Despite the recent monographs by
Federico Masini and Lydia Liu, the formation of modern Chinese scientific and technical
terminologies remains an under-researched and somewhat under-estimated topic. The recently
established Chinese Scientific Terminologies Project at the University of Göttingen and the
Technical University Berlin, initiated and directed by Professor Michael Lackner and funded by
the Volkswagen-Foundation, is the first attempt to systematically reconstruct the terms in
which modern Chinese scientific discourse is articulated. The workshop was organized by the
Göttingen/Berlin project in order to discuss the many methodological and practical problems
of its undertaking with reknown scholars working in the field and, if possible and feasible, to
lay the foundations for an international network of researchers on modern Chinese
terminological history. This workshop was attended by 19 scholars from six different
countries and benefited in part from related co-operation projects financed by the German
Academic Exchange Service (DAAD), the French CNRS and the Research Grant Council of
Hongkong.
Michael Lackner set the agenda for the following discussions with a keynote address outlining
the methodology and the current state of the Göttingen/Berlin project as well as some of its
main theoretical and practical problems. In his theoretical considerations, Lackner dealt with
the relation between terminological and conceptual change, and in particular with the
competing interpretations of this relation by linguists, philosophers of language and
historians of ideas. In addition, he addressed the question of how to define the terminological
"core" of any given scientific discipline. Turning to practical issues, he highlighted the
difficulty in reliably assessing the significance of different types of source materials, such as
dictionaries, textbooks, introductory works and learned articles etc. for the development and
stabilization of a specialized lexicon. During the following two days, these and a number of
related questions were intensely discussed in three panels, focussing respectively on
"Methodology and Linguistics", "Social Sciences and Humanities" and "Science and
Technology".
The first panel examined the methodological aspects of terminological history from multiple
perspectives. Viviane Alleton (Paris) pointed out in her paper that the Chinese language and
script per se do not constitute obstacles for the coining of extensive and accurate
terminologies, as has been demonstrated in studies on the nomenclatures of the natural
sciences. With regard to the more complex cases of technical practices (e.g. laboratory
manipulations) and the social sciences, Alleton argued that a systematic analysis of the
recurrences of "formants" (i.e. all the morphemes used in the composition of words, including
the so-called "suffixes") will reveal precise indications about the extent and implications of
the most important notions and may thus help to understand the role of historical and
ideological factors in the formation of modern Chinese terminologies. Thekla Wiebusch
(Göttingen) questioned the appropriateness of the existing categorizations of the different
types of loan-words and the morphological structure of neologisms in modern Chinese.
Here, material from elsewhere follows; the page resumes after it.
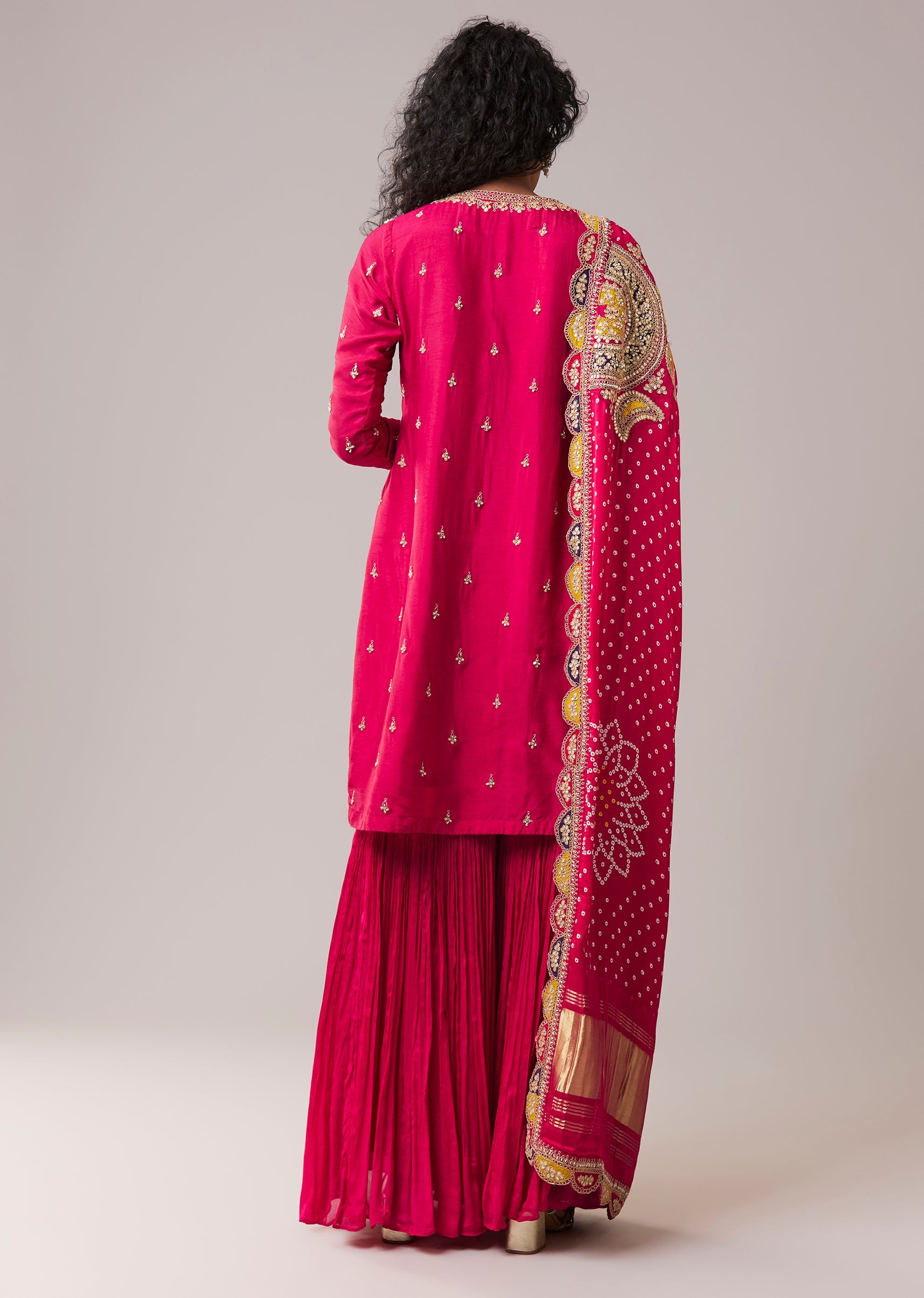 Pink Chinon Silk Kurta Sharara Set with Zari Work

In
many cases it is simply impossible to prove that a certain term is indeed a "return loan" from
the Japanese, i.e., that it was not used in China without interruption. Equally disputed is the
question whether "suffixes", such as -xing or -hua, which are very frequent in neologisms, can
be understood as true suffixes in the narrow sense defined by modern linguistics. Benjamin
T'sou (Hong Kong) stressed that the process of relexification cannot be understood without
paying regard to the "cultural filtering" by the speakers of the recipient language, and that in
every attempt to describe terminological innovation lexifical stratification has to be taken into
account as well. When shifted to high register language, new terms that were initatially
rendered by means of phonetic loans may eventually be replaced by semantic loans or vice
versa. The problem of Japanese loan-words in modern Chinese was addressed in two papers.
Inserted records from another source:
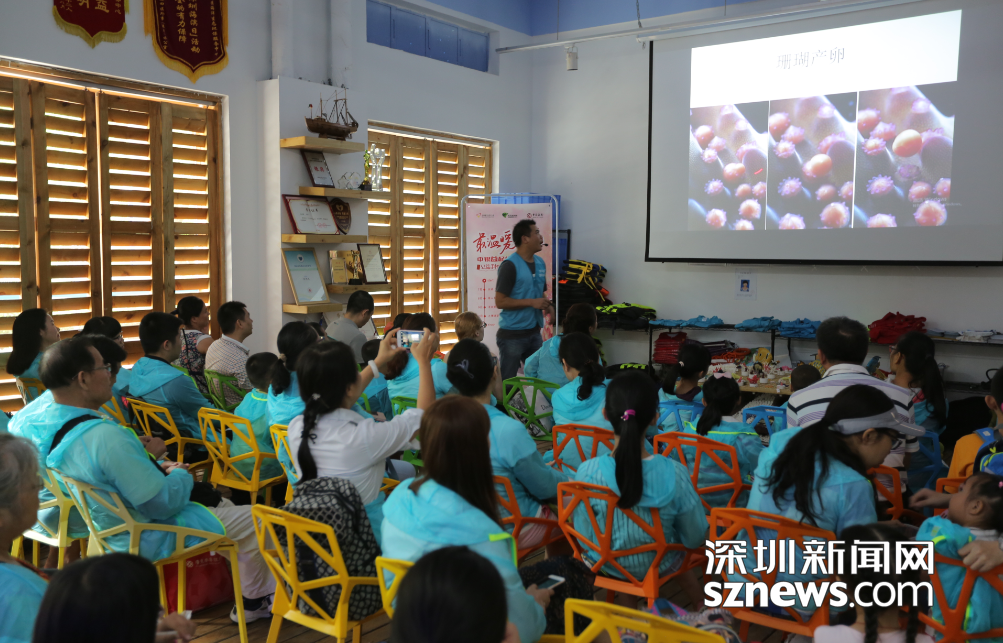 珊瑚蟲義工隊(duì)隊(duì)長鯊哥為來到海邊學(xué)習(xí)海洋環(huán)保知識(shí)的孩子們上課。
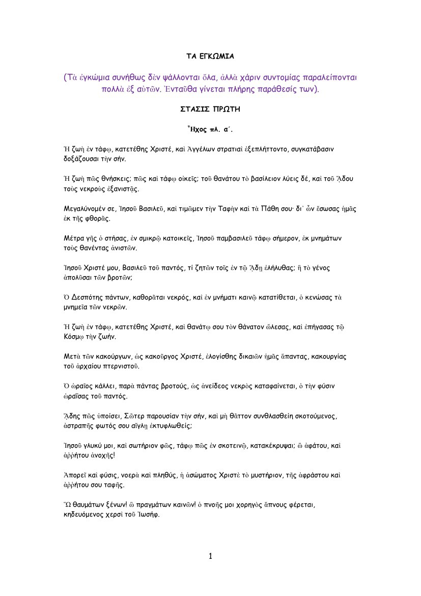 Ως άφρων υπηρέτης προδέδωκεν ο μύστης την άβυσσον σοφίας. Τα εγκώμια στη βυζαντινή υμνολογία είνα ειδικά τροπάρια που ψάλλονται κατά τον όρθρο του μεγάλου σαββάτου. Και του άδου τους νεκρούς εξανιστάς. Δι' ων έσωσας ημάς εκ της φθοράς. Ἡ ἁγνὴ ἐν τάφῳ, κατετέθης βαβαί, ἡ θεὸν γαστρί σου χωρήσασα καὶ κυήσασα ἀφράστως ἐπὶ γῆς. Τον ρύστην ο πωλήσας αιχμάλωτος κατέστη, ο δόλιος ιούδας. Εγκωμια των αγιων μητερων των τριων ιεραρχων νονασ εμμελειασ και ανθουσησ εγκωμια Ο σεβασμιώτατος μητροπολίτης εδέσσης, πέλλης και αλμωπίας κ.ιωήλ συνέθεσε ακολουθία του αγίου ιακώβου, από την οποία με την ευλογία του δημοσιεύουμε για πρώτη φορά τα απολυτίκια, το κοντάκιον και το μεγαλυνάριον. Ο θεός μας αξίωσε και περάσαμε την περίοδο της νηστείας, όπως κι αν νηστέψαμε ο καθένας, και μπαίνομε πια στη μεγάλη εβδομάδα. Τα εγκωμια (τὰ ἐγκώμια συνήθως δὲν ψάλλονται ὅλα, ἀλλὰ χάριν συντομίας παραλείπονται πολλὰ ἐξ αὐτῶν. Σάββας παπαδόπουλος στο δοξαστάριον πέτρου του πελοποννησίου (εκδοθέν υπό π. Η ζωή εν τάφω κατετέθης, χριστέ, και αγγέλων στρατιαί εξεπλήττοντο, συγκατάβασιν δοξάζουσαι την σην. Αυτής που έχει ως θύματα κυρίως γυναίκες
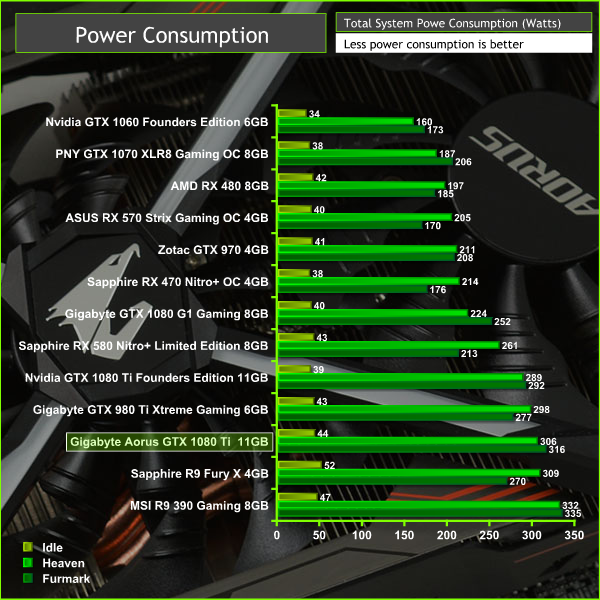 Power consumption jumped only by 25 watts for the Gigabyte card over Nvidia's reference card but push those clocks further, such as by enabling Gigabyte's OC mode, and it starts to increase into the mid-300 region.

Hu Baihua (Hongkong) elaborated through a broad range of examples that such loan-words are
more frequent than most linguists are willing to admit, and that it is important to analyse not
only their content but also their form. Wolfgang Lippert (Erlangen) exemplified in his paper
how an analysis of 19th century dictionaries can help to reconstruct the migration of words
between China and Japan. Many terms used in Japan for the translation of Western notions
(especially from the social sciences) that were to make their way into the Chinese lexicon
after the turn of the century, were originally drawn from the Chinese tradition. Similar to the
usage of terms of Greek and Latin origin in the scientific lexicon of the West, the early
Japanese translators apparently regarded Chinese characters as the most appropriate vehicle
for the translation of new ideas, thus facilitating "re"-importation into China. Concluding the
first panel, Alain Peyraube (Paris) analysed the linguistic terminology employed in the
earliest Chinese grammar of the Chinese language, the Mashi wentong by Ma Jianzhong and
Ma Xiangbo which, as Peyraube convincingly argued, was modeled after the Grammaire de
Port-Royal. Although the Ma's innovative grammar appears to have been largely
incomprehensible to contemporary readers, many important linguistic terms coined by the
Ma brothers are still in use today. These terms were derived from three sources: they were
either directly taken from the stylistic/philological tradition, created from within this tradition
by means of semantic shift or, in the majority of cases, borrowed from Western languages.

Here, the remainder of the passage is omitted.